W moim najbliższym otoczeniu jest jedna osoba z karmą gestapowca i powiązana z nią inna osoba – SS-man z poprzedniego wcielenia. Urodzeni zostali już po wojnie. Osoby te nie pragną posiąść wiedzy o własnej przeszłości, nie chcą też mieć lepiej w życiu doczesnym czyli teraz i tutaj. Żyje się z nimi nader ciężko.
Nie można z obserwacji 2 osób wyciągać daleko idących wniosków, jednak grupa kilkudziesięciu im podobnych, daje olbrzymie pole do obserwacji zjawiska, jakim są inkarnowane Atlantyckie dzieci Beliala.

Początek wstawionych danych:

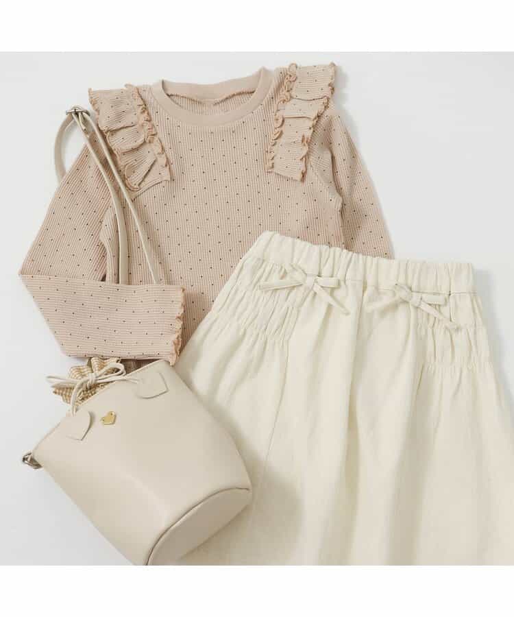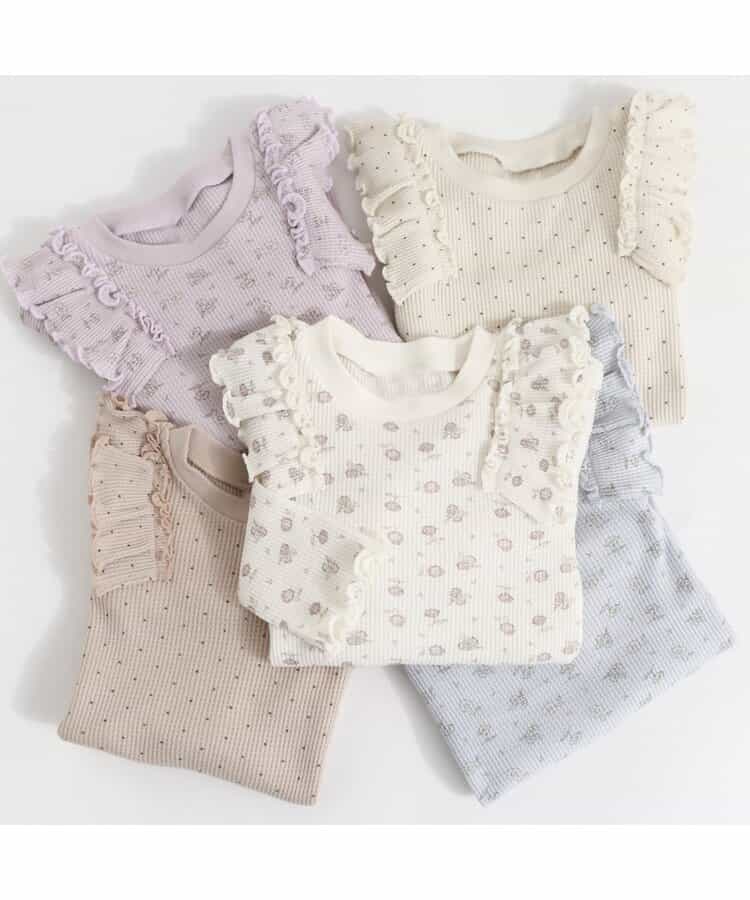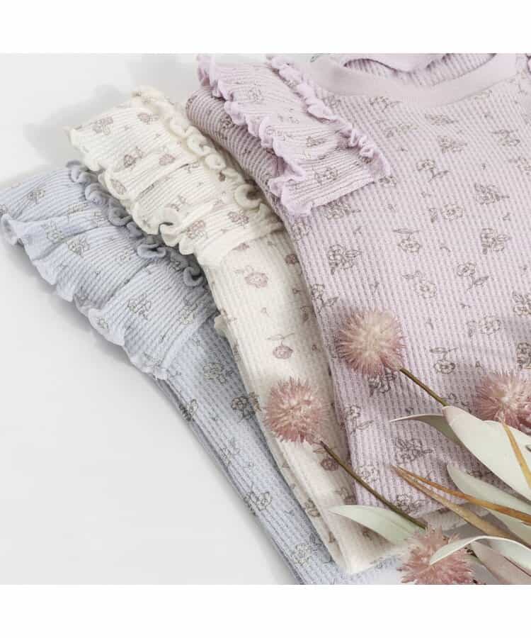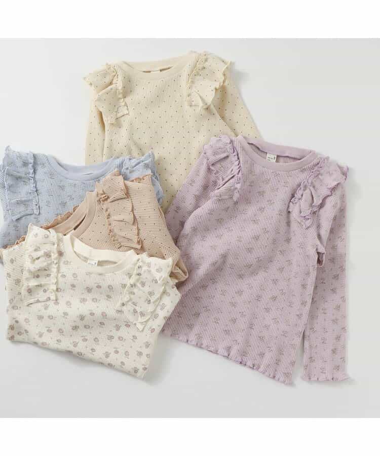 apres les cours(アプレレクール)の長袖Tシャツ「肩フリルワッフルTシャツ」は、ナチュラルなスタイルにさりげなくデザインをプラスしたおしゃれアイテム*
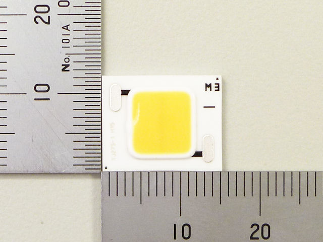■シャープ照明用ハイパワーLED「銭形シリーズ」 ■スポットライトや電球型ランプに適した銭形タイプ ■青色LED+蛍光体による高演色性 ・60個のLEDを内蔵(内部6直10パラ構造)

Ci ludzie- dzieci Beliala a raczej ich dusze nie rozpłynęły się po zatopieniu Atlantydy w nicości ani nie odeszły w nirwanę. Ogromna ich populacja inkarnowała w III Rzeszy i zajęła się tym co umiała najlepiej, czyli destrukcją oraz niszczeniem. Dzieci Beliala stały się trzonem jednostek SS. Część działała też w innych formacjach jak gestapo i jednostki armii. Kiedy odeszli z inkarnacji niemieckiej rozproszyli się po całym świecie. Część z nich jest dziś Polakami, Żydami, Rosjanami choćby z racji miejsca tamtej śmierci czy ,,zakładu pracy” w jakim mieli wówczas zajęcie i zapewnione źródło dochodów np. Auschwitz czy Majdanek. Część zajmuje się rozwojem duchowym, cześć służy w różnych armiach, część jest zwyczajnymi bandytami, jeszcze inni ćpają lub sprzedają używki, produkują broń.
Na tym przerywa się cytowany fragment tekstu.